You may also generate RISC-U binaries both ways which will then be identical:

```bash
$ ./selfie -c any-cstar-file.c -o any-cstar-file1.m
$ ./selfie -c selfie.c -m 1 -c any-cstar-file.c -o any-cstar-file2.m
$ diff -s any-cstar-file1.m any-cstar-file2.m
Files any-cstar-file1.m and any-cstar-file2.m are identical
```

This can also be done in a single invocation of `selfie`:

```bash
$ ./selfie -c any-cstar-file.c -o any-cstar-file1.m -c selfie.c -m 1 -c any-cstar-file.c -o any-cstar-file2.m
$ diff -s any-cstar-file1.m any-cstar-file2.m
Files any-cstar-file1.m and any-cstar-file2.m are identical
```

The generated RISC-U binaries can then be loaded and executed as follows:

```bash
$ ./selfie -l any-cstar-file1.m -m 1 "arguments for any-cstar-file1.m"
```

#### Linking

To compile and link any C\* source code from multiple source files use:

```bash
$ ./selfie -c any-cstar-file1.c any-cstar-file2.c ... -m 1
```

For example, to make the source code of `selfie.c` available as library code in any C\* source code use:

```bash
$ ./selfie -c any-cstar-file.c selfie.c -m 1
```

Note that multiple definitions of symbols are ignored by the compiler with a warning.

#### Debugging

Selfie's console messages always begin with the name of the source or binary file currently running. The mipster emulator also shows the amount of memory allocated for its machine instance and how execution terminated (exit code).

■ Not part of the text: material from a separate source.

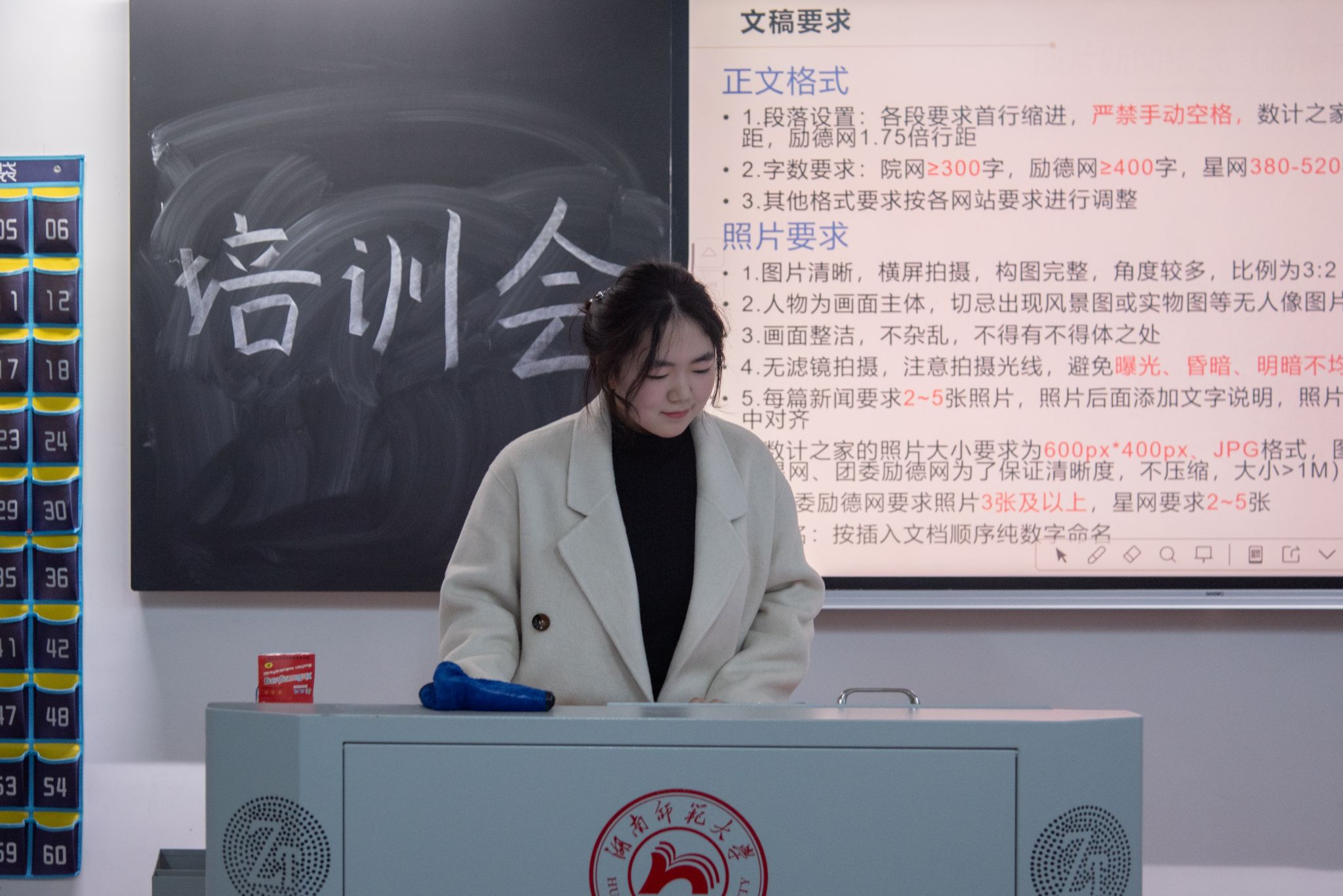 (通讯员 郑竣遥 张崇杰)为持续提高新闻稿件、照片以及推文的质量,12月3日晚,数学与统计学院(以下简称“数统院”)团委会青年传媒中心(以下简称“青传”)于桃花坪校区实训楼202教室开展第二次宣传培训会。青传新闻采编部第二负责人、影音部第二负责人与新媒体部第二负责人受邀主讲。

As discussed before, RISC-U assembly for `selfie` and any other C\* file is generated as follows:

```bash
$ ./selfie -c selfie.c -s selfie.s
```

If the assembly code is generated from a binary generated by the compiler (and not loaded from a file) approximate source line numbers are included in the assembly file.

Verbose debugging information is printed with the `-d` option, for example:

```bash
$ ./selfie -c selfie.c -d 1
```

Similarly, if the executed binary is generated by the compiler (and not loaded from a file) approximate source line numbers are included in the debug information.